Lanchester does as good a job as any of navigating the financial crisis, and does so without the rather self-aggrandising style of Naseem Taleb. While it's a bit difficult to know who Lanchester's target audience is, I think I might fit into it, having a basic grasp of economics and some tolerance of the rather abstract ideas (derivatives, bonds markets, ratings, etc.) that have to be explained.
Nobody involved in the deeply shameful events covered by this book (save a few fellow journalists and passing whistle-blowers) emerges looking good. Most, like Nick Fuld and Fred Goodwin, end up looking downright evil. And readers should not escape the conclusion that Ayn Rand stands as one of the most evil figures of all, if not one of the most evil of the entire 20th century - being as she is the patron saint of the cult of laissez faire capitalism that Lanchester demonstrates so unequivocally lay behind the whole disaster. So there is perhaps some schadenfreude to be had in his observation that the almost total deregulation of the financial sector has produced banks and other institutions that are "too big to fail". The result of this being that we now have "a 100 percent pure form of socialism for the rich". Lanchester leaves this most towering of ironies for the reader (and any unreconstructed fans of Rand) to ponder when considering the future of finance. As for Rand's good friend and protégé Alan Greenspan, this book leaves you earnestly hoping he is not left to tend so much as a whelk stall.
But after Rand, Greenspan et.al., the list of the complicit trails off into the distance. And in this Lanchester leaves some unanswered questions. Why, for instance, is there a free market in ratings agencies? Their particular (and of course unpunished) venality is perhaps the single largest catalyst of the crisis, but Lanchester never elucidates this beyond a mention of a SEC review of the way they worked in the 1970's.
However, a far bigger problem with the book is that Lanchester (in common with all other writers on the subject, it has to be said), does a poor job of explaining in layman's terms just why the financial industry is so important in modern economics. Why should it visit upon so many people such immense hardship in the event of it malfunctioning? We can understand why coal, shipping or motor manufacturing is important, so when those industries collapse, the social consequences are that much easier to understand. But why do banks have to exist? Lanchester says they should merely be "money making machines" - like shoe factories? Like bus companies? Why too is the shadow banking industry so critical to preserve? What would have happened to us all had the derivatives markets, the stocks and bonds markets, the mortgage lenders, hedge funds and myriad other largely unknowable and (even to themselves) unknown industries simply been allowed to go the way of, say, British shipbuilding or Detroit motors?
Perhaps this is just too hard to explain. But it's worth asking because Lanchester uses some of the consequences of the crash to illustrate the enormity of it all - yet declines to follow through with anything that really satisfies as to *why* it had to be like that. So we have to take it on faith that the "abyss" (which Lanchester and others so like to say we were staring at were it not have been for the efforts of governments to spend all our money stopping us falling over the edge) would have been A Very Bad Place.
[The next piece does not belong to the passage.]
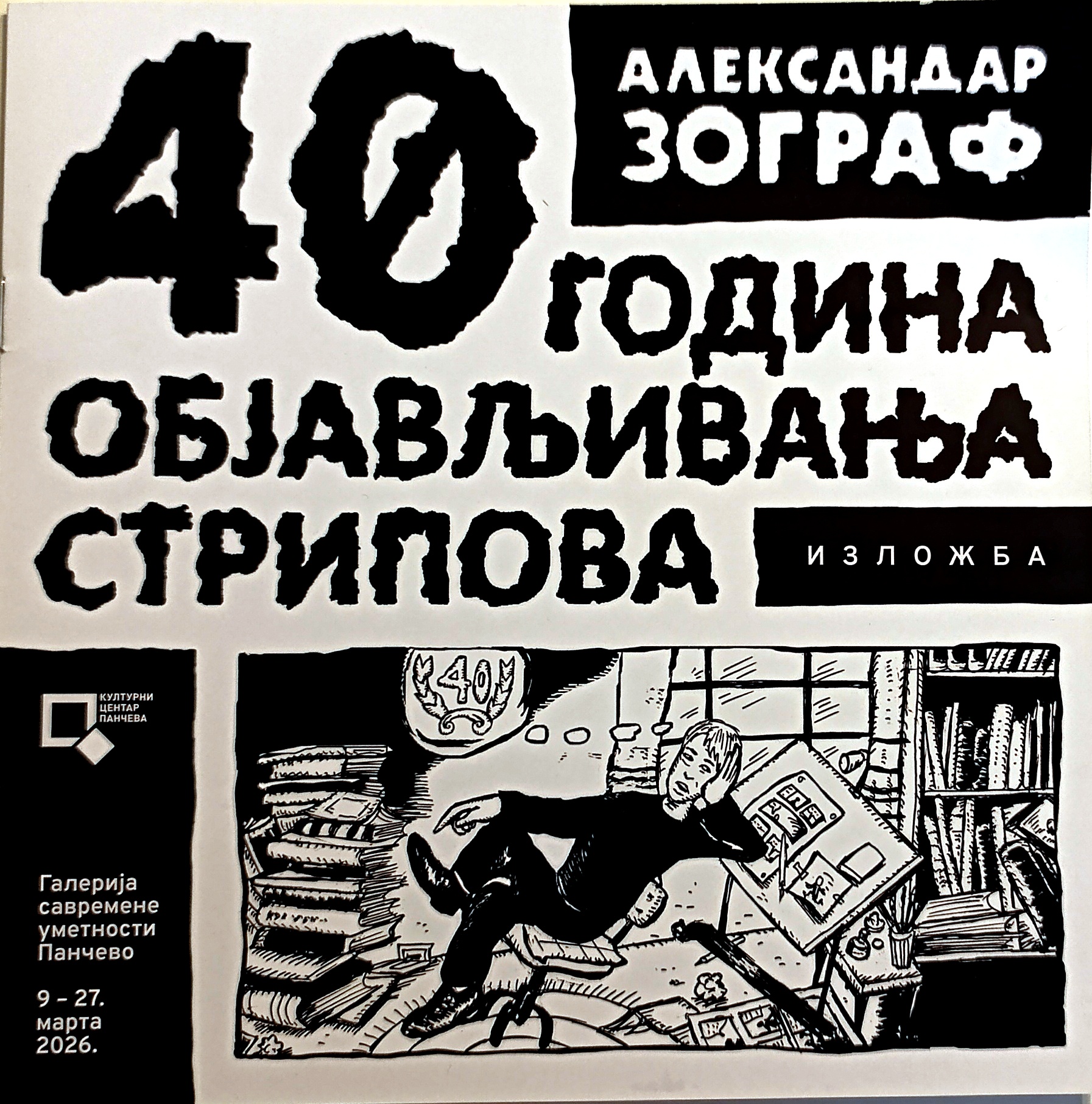U ponedeljak, 9. marta izložbom „Aleksandar Zograf – 40 godina objavljivanja stripova” počinje obeležavanja pola veka Galerija savremene umetnosti u Pančevu

A comprehensive review of the credit crunch and the systematic removal of any effective regulation of the financial industry should also include some examination of the rise of political lobbying, "revolving doors" and the open corruption on display in the US Congress in particular. All of which is still on the rise and in parallel with the events dealt with in the book. Lanchester skates over this a bit too lightly.
Similarly, he comes up rather empty handed in his ending remarks about people learning to know when they have "enough". He seems to forget that 99% of everyone in the world has almost nothing. We are not all in this together, by any means.
However, unlike Taleb, who tends to get carried away with largely useless classical or quasi-psychological allusions in dealing with the wider human context of the crisis, Lanchester provides some good historical background to the creation of what he identifies as the "climate" that eventually allowed it all to happen. While others mention Thatcher and the Big Bang, he also identifies the fall of Communism as one of the crucial factors in how Western economics lost its moral compass (His example of the rehabilitation of torture under the Bush administration is a good one). In this it appears unclear whether he would also see the credit crunch as the beginnings of something which has even greater consequence, but you get the impression he might.
I knew something of the crisis before I started the book, and now feel more solidly informed. I only wish I knew what to do about that because it's all still a lot of sound and fury without any real understanding underneath. Perhaps I'll vote for the Pirate Party in the next election, just as they are in Iceland.